Осторожно потянула первую дверь на себя. Детский сад. Огороженная комнатка и маленькая девочка в углу, отгорожена заборчиком и что-то строит из игрушек. Я слышу голоса воспитателей.

– Вот, им тут не место! Она странная!

– Ей стоит умереть! – подхватывает другая и смотрит на меня.

Сейчас, бегу и падаю. Иду мимо них, направляясь к двери напротив. Уже вслед мне летят грязные ругательства. Или не мне. Ведь девочка эта – первая, кого я вытащила.

– Лини, – всхлипывает она, и я сжимаю зубы. С Юлей все хорошо, она ко мне завтра зайдет.

Поэтому я открываю дверь и шагаю в темное помещение.

Самое страшное, когда человек перестает бороться. Когда я прихожу слишком поздно.

Комната вокруг меня сжимается. Когда человек сдается, он умирает. И я умирала вместе с ним. Я все еще помню, как пыталась достучаться, вытащить, а коридор вокруг меня пульсировал, сжимаясь багровым водоворотом. Человек в углу скулит.
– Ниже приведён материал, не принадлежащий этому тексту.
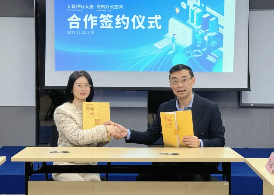 2025 年 12 月 25 日,陆家嘴金融城核心腹地暖意融融,一场备受行业关注的战略合作签约仪式圆满举行 —— 国内领先的办公空间解决方案服务商高格办公空间,与区域稀缺标杆资产大华银行大厦正式牵手,宣告双方将携手共筑高端商务生态。上海华新置业有限公司总经理金凯生与高格办公空间副总裁周兴强亲临现场,分别分享了合作初心与未来愿景,为这场 "优质地标 + 专业运营" 的强强联合,拉开了共赢新篇的序幕。
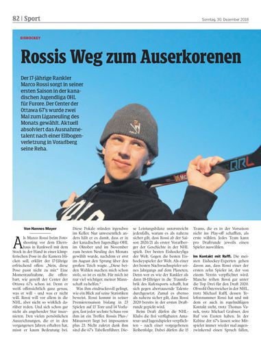 Der 17-jährige Rankler Marco Rossi sorgt in seiner ersten Saison in der kanadischen Jugendliga OHL für Furore. Der Center der Ottawa 67’s wurde zwei Mal zum Liganeuling des Monats gewählt. Aktuell absolviert das Ausnahmetalent nach einer Ellbogenverletzung in Vorarlberg seine Reha.
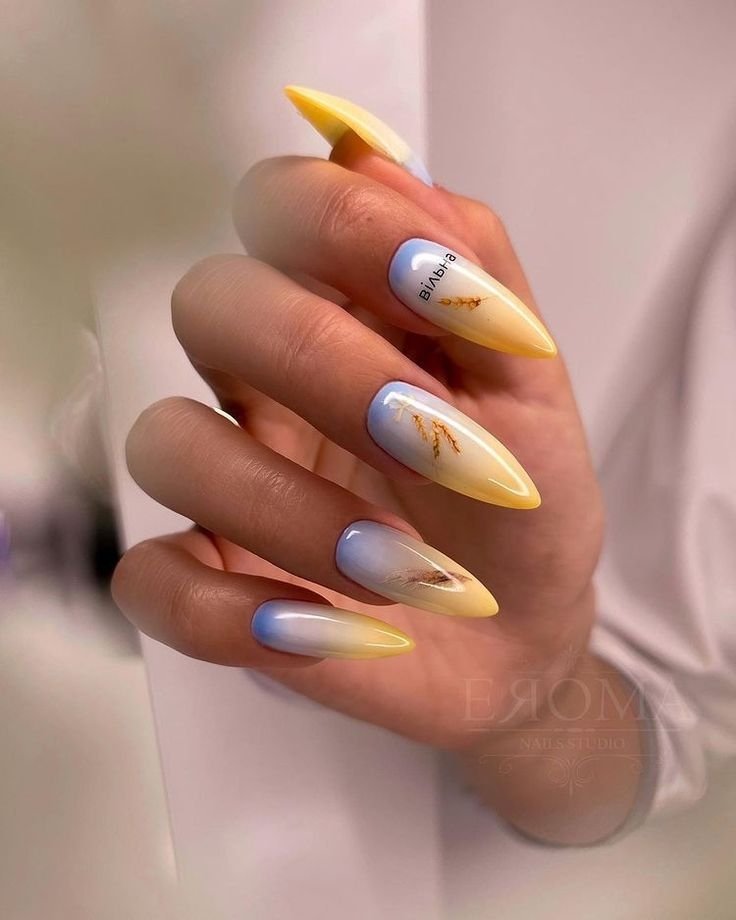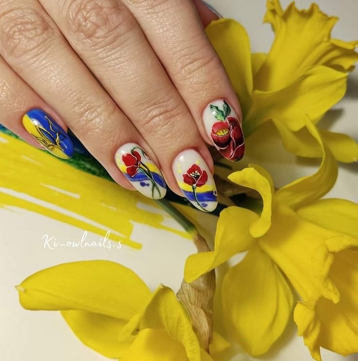 У тренді — національна символіка на нігтях. Наприклад, це можуть бути слайдери, наклейки чи малюнки калини, колосся, лелеки, тематичні надписи. Модно робити нігті різних відтінків — синіх, блакитних, або червоно-чорних.
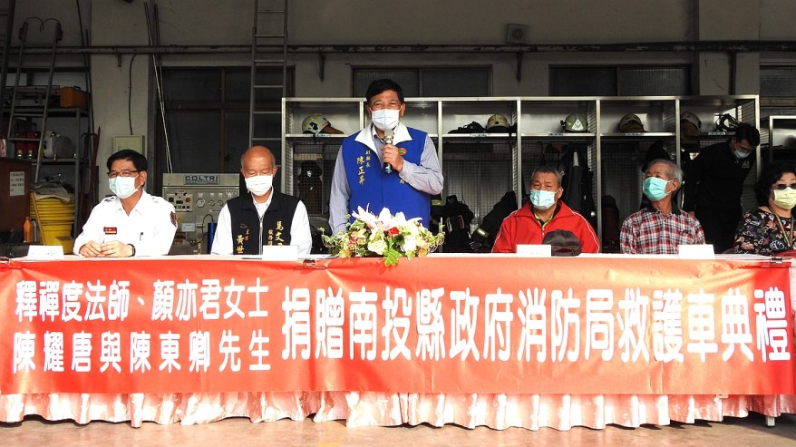 捐贈儀式5日在南投縣府消防局舉行,副縣長陳正昇、消防局長林聰吉及眾多消防救護隊員及義消在場見證,陳副縣長代表接受陳耀唐、陳東卿兄弟捐贈全新救護車,並回贈感謝狀及模型救護車、消防車紀念品,琉璃光菩提樹住持釋禪度及其弟子顏亦君女士因故不克到場,也由代表完成捐贈。

Нет, не утянешь за собой. Я не буду тратить время. Дверь сливается со стеной, не поддается, пока я с размаха не пинаю ее и не вываливаюсь в коридор. Теперь впереди лестница.

Сорок этажей. Сорок этажей я поднималась, стучась в каждую дверь и в каждое окно. Ни одна не открывалась.

Ноги подгибались, дрожали, и я опустилась на площадку сорок первого этажа напротив балкона. Дверь его тоже была заперта.

Хотелось побиться головой о стенку. Помощники не призывались, стены отталкивали, а лестница все не кончалась.

На балконе мелькнула темноволосая макушка и направилась к краю. Я вскочила, не обращая внимание на взвывшие ноги. Мальчик уже уверенно поднимался на бортик. Дверь под моим напором хрупнула, и я обхватила детское тельце, дёргая на себя.

Ребенок в руках дернулся, но я шикнула, усаживая его на бортик проема внутри и утыкаясь лицом ему в живот. Меня трясло, а по щекам текли слезы.

– Нет, нет, нет! Только не так! – я крепко вцепилась в мальчугана.

Я чувствовала, как меня потряхивает от отпускающего напряжения. Самое страшное для меня – вытаскивать детей. Видеть их отчаявшимися. Не успевать к ним, ведь у них меньше всех сил бороться. Мальчик прижался ко мне, и я равно выдохнула, успокаиваясь.

– Я думал, ты не придешь, – отозвался он. – Тебя долго не было, – детская ручка погладила меня по волосам. – Отведешь меня домой?

– Да, пойдем, – я подняла глаза, отыскивая новую дверь и крепко прижимая мальчика к себе. Та приветственно распахнулась, и я улыбнулась.

В этот раз я успела.

Плачь, обо мне река

Я пела. Поджав под себя ногу и перебирая кончиками пальцев струны гитары. Вокруг тихо шумела вода. В мире царила тишина, нарушаемая лишь моим голосом. В отдалении уже слышались голоса и всплеск воды. Я прикрыла глаза, представляя тишину и братика рядом.

* * *

Я пела, сколько себя помнила. Мама часто говорила, что мне нравилось выводить замысловатые мелодии, рулады, валяясь в колыбельке и засунув пальчик в рот. Даже видео показывала.

Пела, будучи маленькой, заменяя слова и картавя. Потом сочиняла песенки сама. Была «маминой певицей», чем очень гордилась.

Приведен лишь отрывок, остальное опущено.